The Market Today

U.S. Cases Remain Contained Despite Global Surge


by Craig Dismuke, Dudley Carter

TODAY’S CALENDAR

Another Quiet Day: There are no reports on today’s economic calendar. Netflix will report earnings after the close.

 

CORONAVIRUS UPDATE (VS Coronavirus Chartbook – PDF)

Vaccination statistics continued to be prominent in U.S. headlines while concerns about India’s outbreak remained a focus in the Eastern Hemispheres. After the CDC announced over the weekend more than 50% of U.S. adults had received at least one dose of a vaccine, reports indicated the White House would embark on a widespread media campaign to stress shot eligibility. The CDC also confirmed earlier reports that data show only 6,000 cases of infections, or a rate of less than 0.01%, out of the 84 million Americans that have been fully vaccinated. Cases in India hit a record amid a concerning surge, the world’s fastest, that saw the country added to the U.K.’s no-travel list. India’s stock market dropped 1.8% Monday, spoiling a mostly positive day of trading in Asia.
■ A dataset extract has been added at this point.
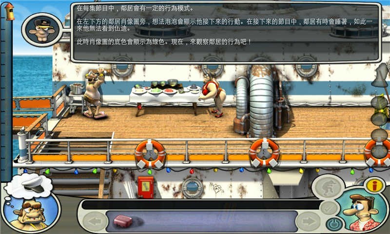 首先等老头离开左下,到左下,拿毯子,直接到右下把毯子铺在舱口上,回左下,还有信号弹要捡;然后等老头离开左上,到左上,等老头离开右中,到右中,捡玻璃碎片,地毯下有密码纸,包里有安眠药,等老头离开右下;到右下,用玻璃碎片把货物架的掉绳割开;到左上等待,等老头离开右中,马上走到右中的楼梯口等待,把握时机,等老头快要中圈套时向下走,走到时老头应该已经离开右下,立即捡起鱼往右上跑;然后上楼梯的时候就选中鱼,然后对左上的花盆使用,使用完后马上往回走,选中右的椅子躲藏(这个一定要快,否则会被老头他妈打);等老头离开右中,老母睡着,马上冲到左下,在水桶上放鱼,拿毛巾,迅速返回右中,再到左上,对脏的玻璃墙用毛巾,然后捡鹦鹉身上的钥匙;回右中,把信号弹装上,到躺椅躲藏;老头被整离开右中,在船长室使用安眠药和密码纸,回到躺椅,恭喜,你通关了。

The EU increased its order size from Pfizer and BioNTech by 100 million doses to 600 million.  The U.S. State department is changing its travel advisory system to reflect coronavirus issues.  The non-binding ratings will reportedly label 80% of countries as “no-go zones.” The FDA halted production of the J&J vaccine at an Emergent BioSolutions plant in Baltimore.  At issue appears to be a key ingredient in 15 million doses at the plant which are now quarantined.


24 HOURS OF MARKET ACTIVITY

U.S. Stock Stumble Trips up Global Equities Near Record Levels

U.S. stocks stumbled Monday from last Friday’s record levels as investors awaited corporate earnings announcements to fill a week almost void of economic data. Tech led losses, evidenced by the Nasdaq’s day’s-worst 1.0% drop. However, the S&P 500’s 0.5% decline was fueled by losses across nearly every sector. The Dow dropped 0.4%. Shares of Coca-Cola gained after the company beat analysts’ earnings expectations in a pre-market announcement. IBM rose in after-hours trading after reporting better-than-expected results while United’s shares dipped on a miss. Treasury yields also unwound a portion of last week’s move. After dropping 8 bps last week, the 10-year yield recovered 2.5 bps on Monday to close just above 1.60%. A break below that level last Thursday was blamed for technical momentum dragging the yield curve lower in the face of stellar economic data.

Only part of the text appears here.